**Exercise instructions:**
Exactly reproduce the lines of the listing below from the one containing "S925 Sterling Silver" through the one containing "参观结束后,大家前往下一站—". Skip the images.

**Provided material:**
================

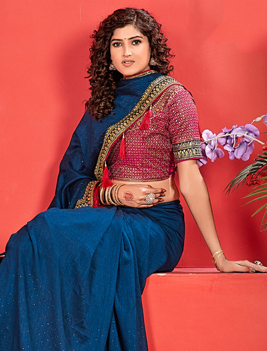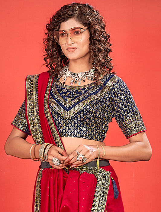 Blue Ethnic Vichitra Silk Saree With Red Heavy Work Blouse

================

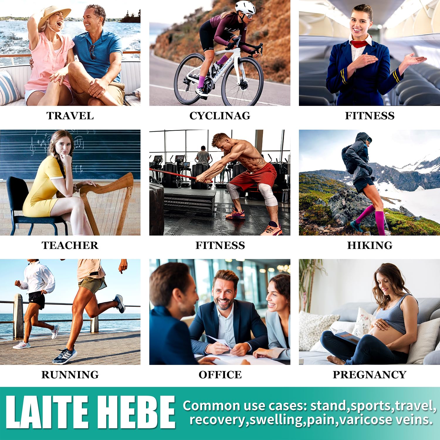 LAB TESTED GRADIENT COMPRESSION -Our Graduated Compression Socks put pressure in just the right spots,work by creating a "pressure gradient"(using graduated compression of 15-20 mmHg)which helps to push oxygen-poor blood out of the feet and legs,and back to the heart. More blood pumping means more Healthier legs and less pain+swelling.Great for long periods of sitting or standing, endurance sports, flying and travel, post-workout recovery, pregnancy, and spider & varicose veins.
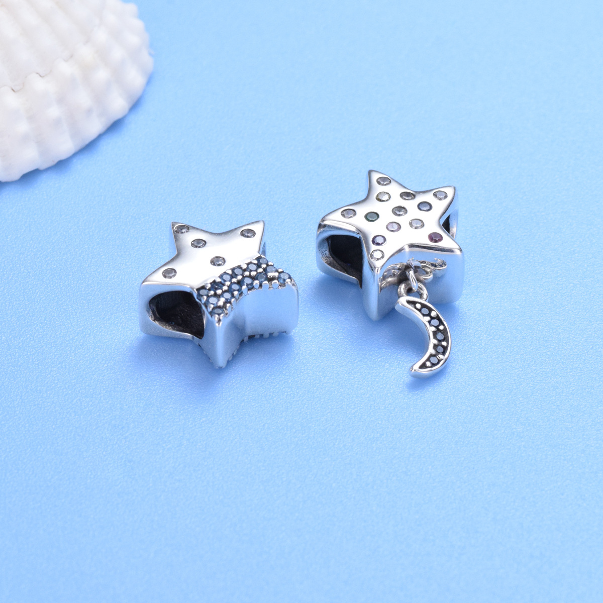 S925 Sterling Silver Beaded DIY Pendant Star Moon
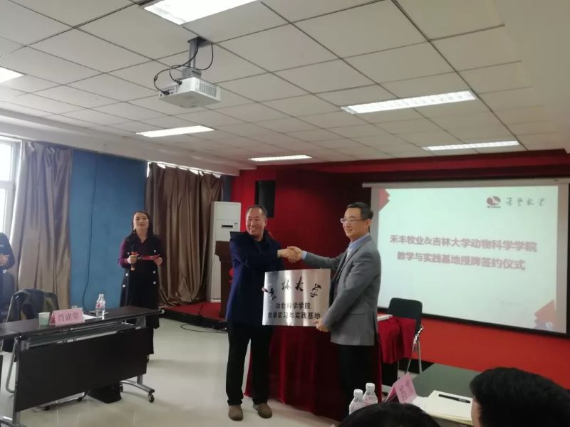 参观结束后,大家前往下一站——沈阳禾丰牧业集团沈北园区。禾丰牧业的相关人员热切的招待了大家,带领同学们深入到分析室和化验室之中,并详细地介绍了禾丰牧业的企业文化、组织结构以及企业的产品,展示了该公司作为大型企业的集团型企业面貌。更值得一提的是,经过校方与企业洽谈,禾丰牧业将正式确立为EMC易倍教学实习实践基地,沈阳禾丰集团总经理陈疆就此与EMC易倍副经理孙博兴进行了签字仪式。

================

**Problem solution:**
 S925 Sterling Silver Beaded DIY Pendant Star Moon
 参观结束后,大家前往下一站——沈阳禾丰牧业集团沈北园区。禾丰牧业的相关人员热切的招待了大家,带领同学们深入到分析室和化验室之中,并详细地介绍了禾丰牧业的企业文化、组织结构以及企业的产品,展示了该公司作为大型企业的集团型企业面貌。更值得一提的是,经过校方与企业洽谈,禾丰牧业将正式确立为EMC易倍教学实习实践基地,沈阳禾丰集团总经理陈疆就此与EMC易倍副经理孙博兴进行了签字仪式。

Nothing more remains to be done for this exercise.